The boy that I have makes me want to do bad things...He YELLLSSS, jumps on you (the annoying jump up/down 10 times), bites HARD (not just hands, he will bite whatever he can get), ect...And he is only 2 weeks old today! He's vicious! Usually they don't get vicious until about 4-6 weeks, but this guy decided to start early.    <- that's how I feel about that baby goat right now! Thank God he is leaving next weekend!!


----------



## SDGsoap&dairy (Mar 24, 2011)

I have one who's a screamer right now.  And his twin sister is one of the quietest kids we've had!  I think how much they yell, despite identical conditions, is just a personality trait.  A half sibling by the same buck last year was a loud mouth just like this kid.  I think the key with bottle babies is the same as with puppies... don't spoil them those first few weeks when they're the cutest things ever or you'll be paying for it long after they're not quite as cute.


----------



## Theykeepmebusy (Mar 24, 2011)

She bites too!!!! My hands have cuts on them from her!!!  I am ignoring her, her brother and pen mate, they are so quite and calm, they really don't complain about anything.  I don't see how they put up with her screaming. * Sigh of relief to everyone's replies.  When I brought them home (day old), Rolls said put them out side, so I put them in the pen and have bottle fed out there, I let them out in the mornings to be with the herd, and every night before I pen them back, I play chase with them, just because it's funny.   I hope this doesn't last to long with her,  I'm sticking with ignoring.     she's outside the window now   Round 2 !!!!!!


----------



## chubbydog811 (Mar 24, 2011)

That's how it is with my kids to! 2 of the boys are perfect little angels (as far as I can see anyway lol) They don't bite, they barely talk, and they don't jump.

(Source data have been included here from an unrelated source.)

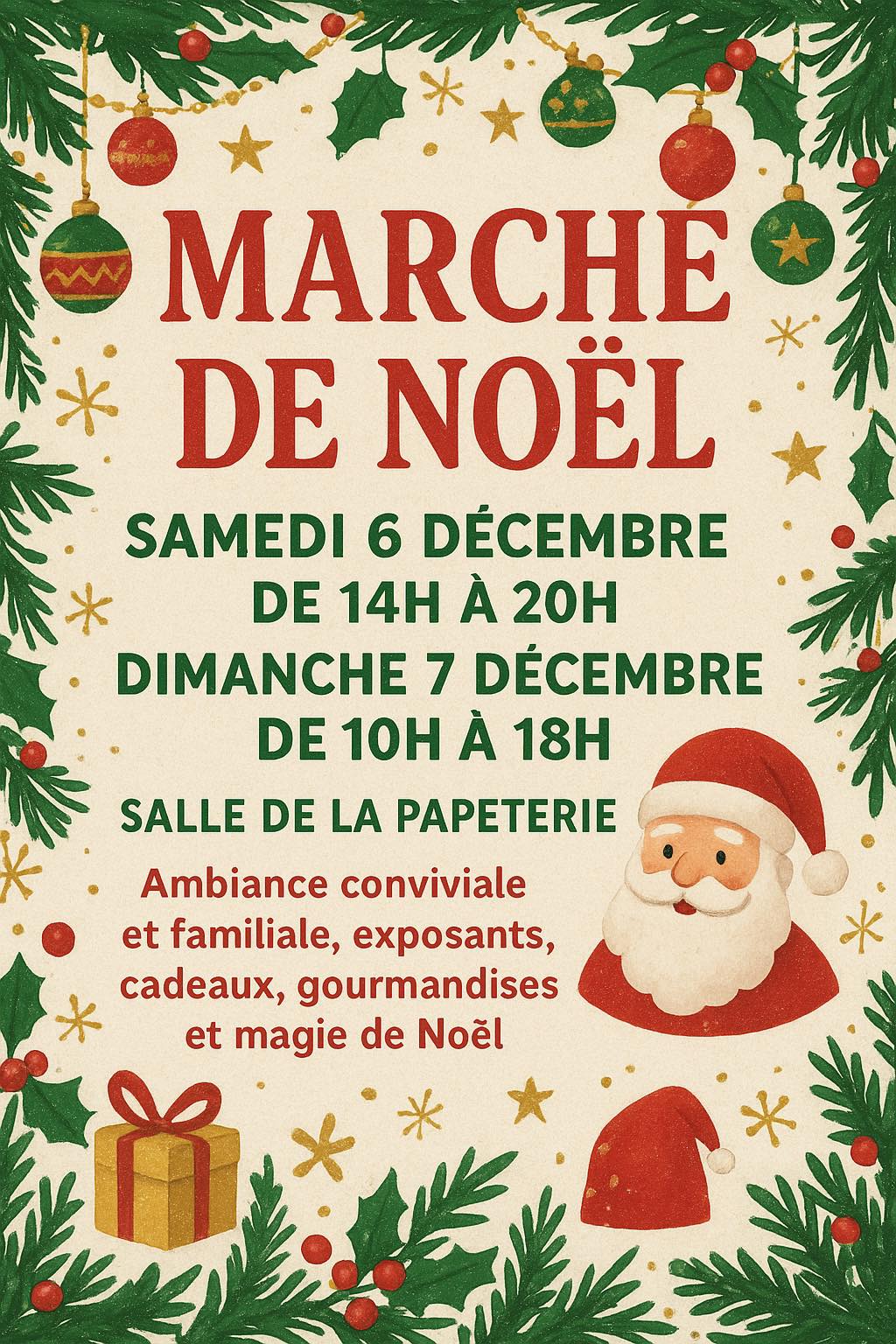 Nous invitons les artisans, commerçants et créateurs à venir exposer leurs produits et partager la magie de Noël dans une ambiance conviviale et familiale.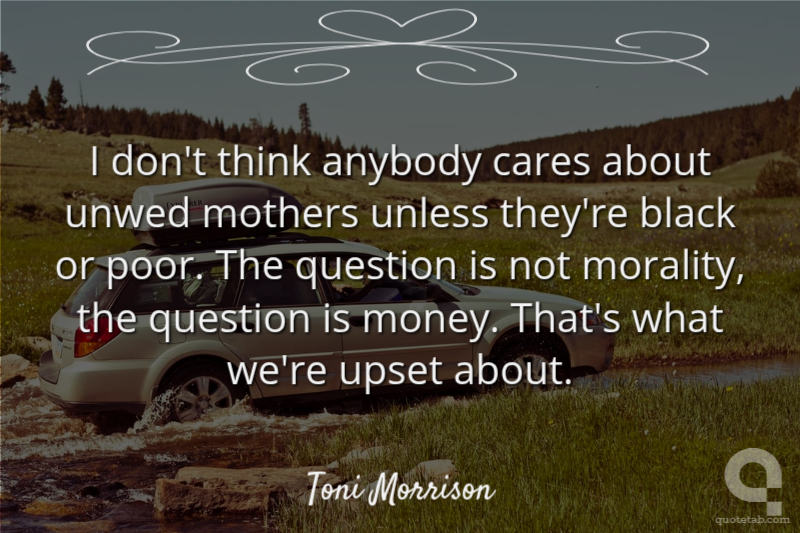 I don't think anybody cares about unwed mothers unless they're black or poor. The question is not morality, the question is money. That's what we're upset about.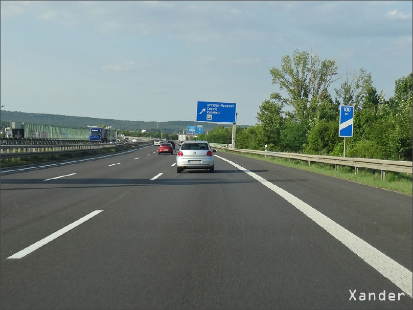 Entsprechend hoch sind das Verkehrsaufkommen und die Unfallzahlen. Da die Unfallzahlen nach Einführung der Tempolimitierung von 100 km/h merklich gesunken sind, wurde die Beschränkung über einen Verkehrsversuch hinaus fortgeführt. (8/15) | ![]() |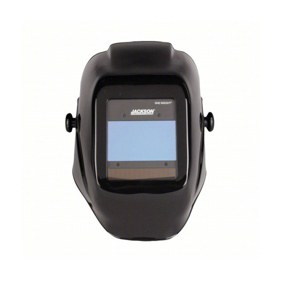 This is a Jomac auto-dark weld helmet. This welding helmet automatically darkens the lens upon arc ignition, providing continuous protection for the welder's eyes and face.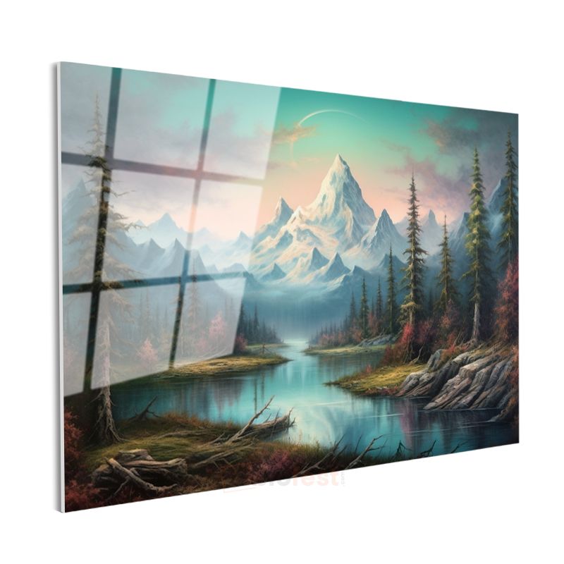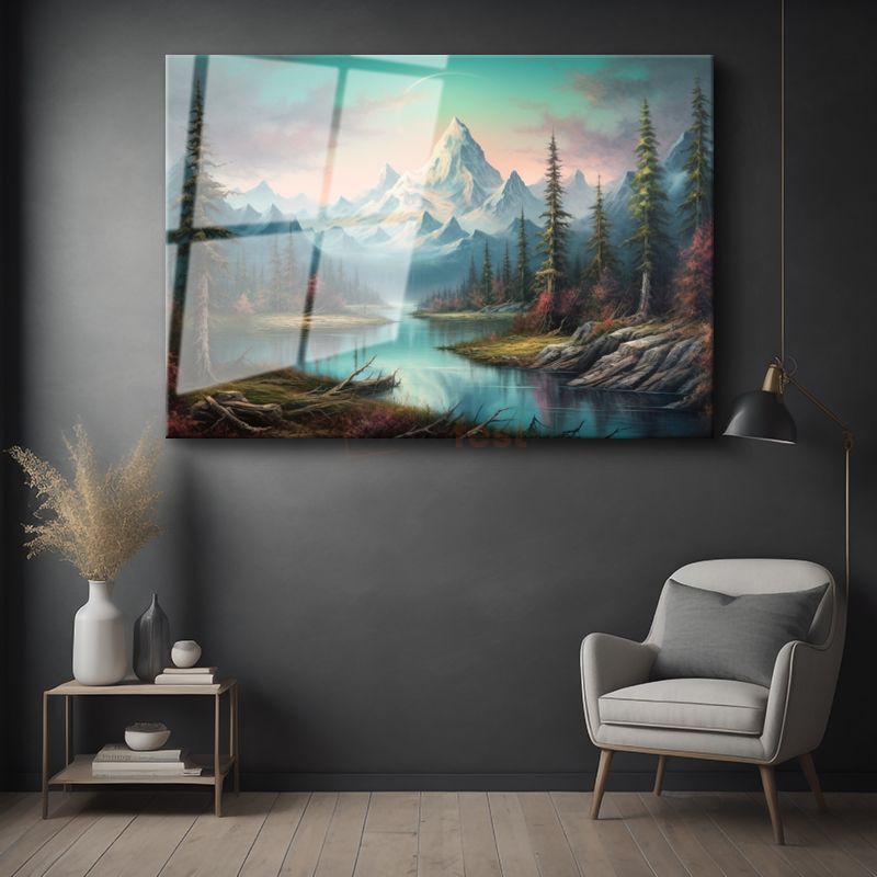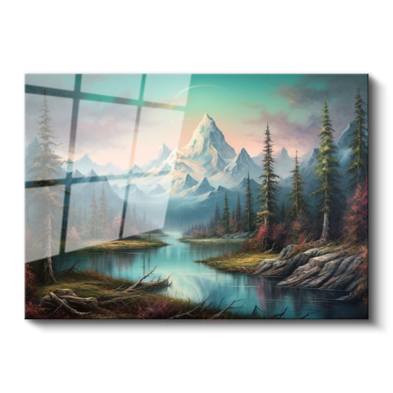 Dağ Silsilesi - Turkuaz Sular ve Çam Ormanları Cam Tablo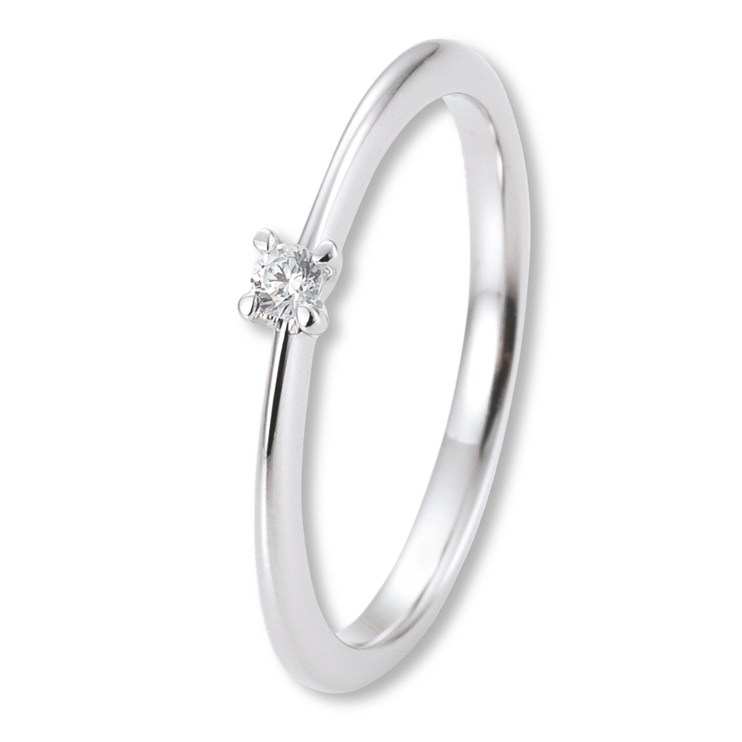 Im Mittelpunkt strahlt ein kleiner, aber bedeutungsvoller Diamant mit 0,05 Karat im klassischen Brillantschliff. Dieser funkelnde Stein ist in einer filigranen 4er Krappenfassung gehalten, die den Diamanten sicher umschließt und seine Schönheit perfekt zur Geltung bringt. Die schmale, verlaufende Ringschiene wird zum Brillanten hin immer schmaler, was den Eindruck von Leichtigkeit und Raffinesse verstärkt – ein dezentes, aber kraftvolles Versprechen.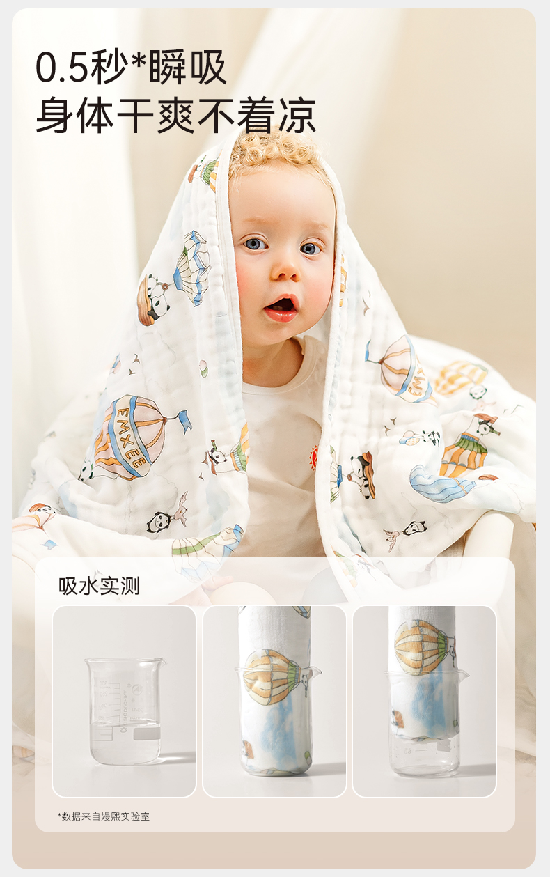【洗浴用品】EMXEE嫚熙婴儿纱布浴巾纯棉超软包被裹巾

The twin to the boy, is a little loud, bites a little, and only jumps a little (only when she is hungry though)...But the boy...My goodness, he is a loudmouth ankle biter!!! 
You can sleep a little better knowing you are NOT alone! 
Good luck with the ignoring game...It's actually pretty easy once they have you ticked off to that "I'm going to kill you" point.


----------



## Theykeepmebusy (Mar 24, 2011)

I told her what I told my sons, I will give them super glue as chap stick.


----------



## getchasome (Mar 24, 2011)

she sounds like a typical baby that has figured out if she makes noise, mama comes   I agree with the ignoring her part and she'll learn


----------



## Theykeepmebusy (Mar 25, 2011)

I ignored and succeeded, today she is not yelling at me, I have the window open, family is talking being normal and not covering our ears anymore. She is a goat.


----------